| ABOUT THIS TASK |
Every line from the line containing "にこにこE2216 S925" through the end of the data is to be reproduced exactly, excluding pictures.

------------------------------

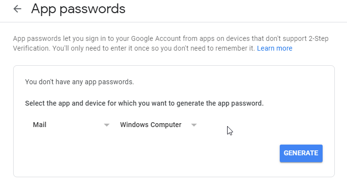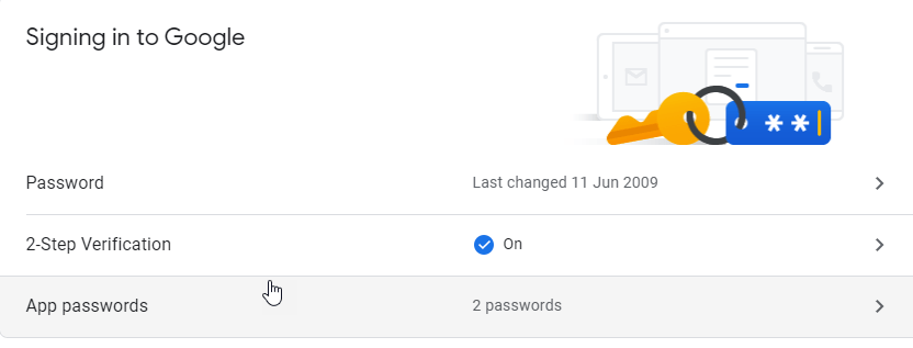 4. Click on App Passwords to generate the app password (Need to enable 2-Step Verification first).
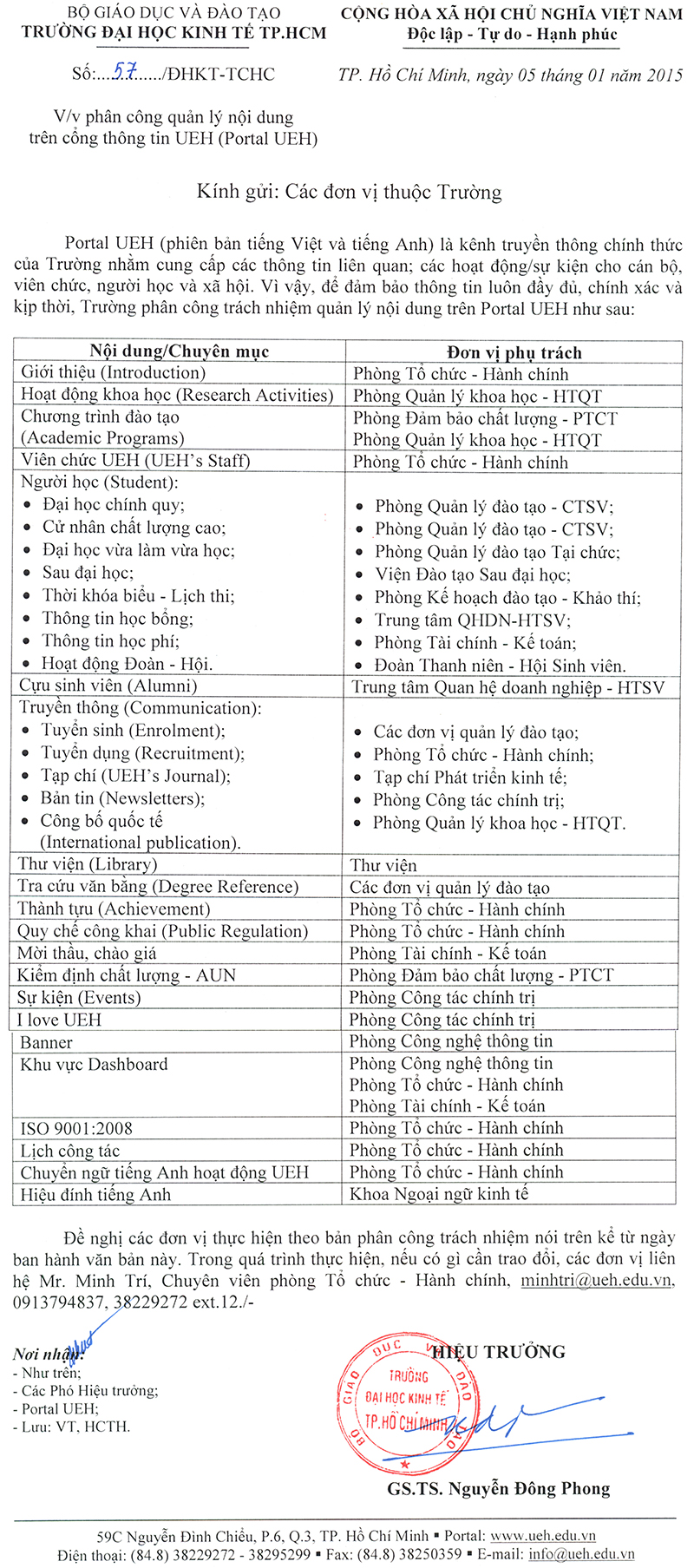 Công văn về việc phân công quản lý nội dung trên cổng thông tin UEH (UEH Portal)
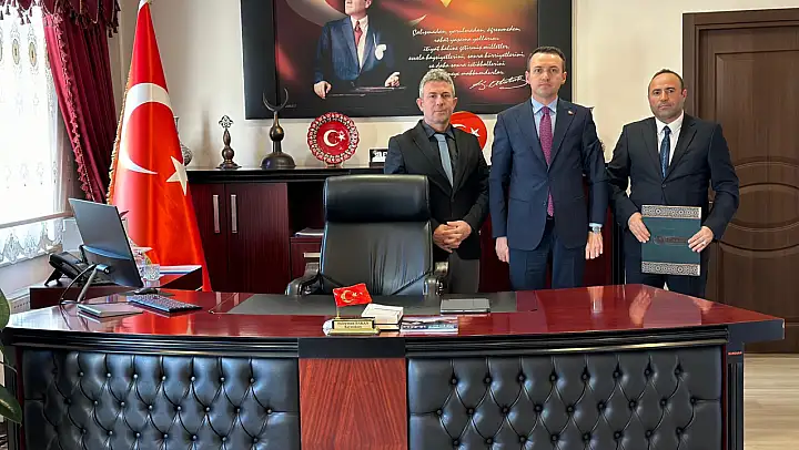 Van'ın Çaldıran Kaymakamı Süleyman Bakan, İlçe Nüfus Müdürü Faruk Denizhan ve Nüfus Müdürlüğü personeli Uğur Taşer'i makamında kabul etti.
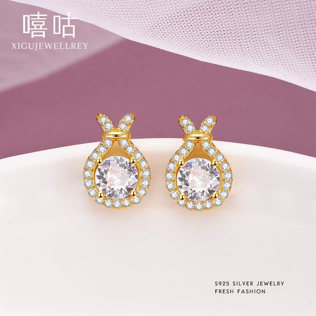 にこにこE2216 S925銀銭袋ジルコンピアス女性大衆気質高級感イヤリング軽贅沢新オリジナル
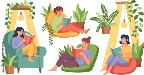 Молодая девушка делает селфи перед зеркалом. Набор векторных плакатов для фотоаппарата мгновенной съемки. Фотографии с романтического свидания пары. Рука держит фотографию с сельским пейзажем на заднем плане.
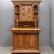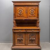 Notenhouten buffet met opstand, de deuren met gestoken medaillons, Frankrijk, eind 19e eeuw -gebruikssporen-, 223 x 140 x 60 cm

------------------------------

| SOLUTION FOR THIS EXERCISE |
 にこにこE2216 S925銀銭袋ジルコンピアス女性大衆気質高級感イヤリング軽贅沢新オリジナル
 Молодая девушка делает селфи перед зеркалом. Набор векторных плакатов для фотоаппарата мгновенной съемки. Фотографии с романтического свидания пары. Рука держит фотографию с сельским пейзажем на заднем плане.
 Notenhouten buffet met opstand, de deuren met gestoken medaillons, Frankrijk, eind 19e eeuw -gebruikssporen-, 223 x 140 x 60 cm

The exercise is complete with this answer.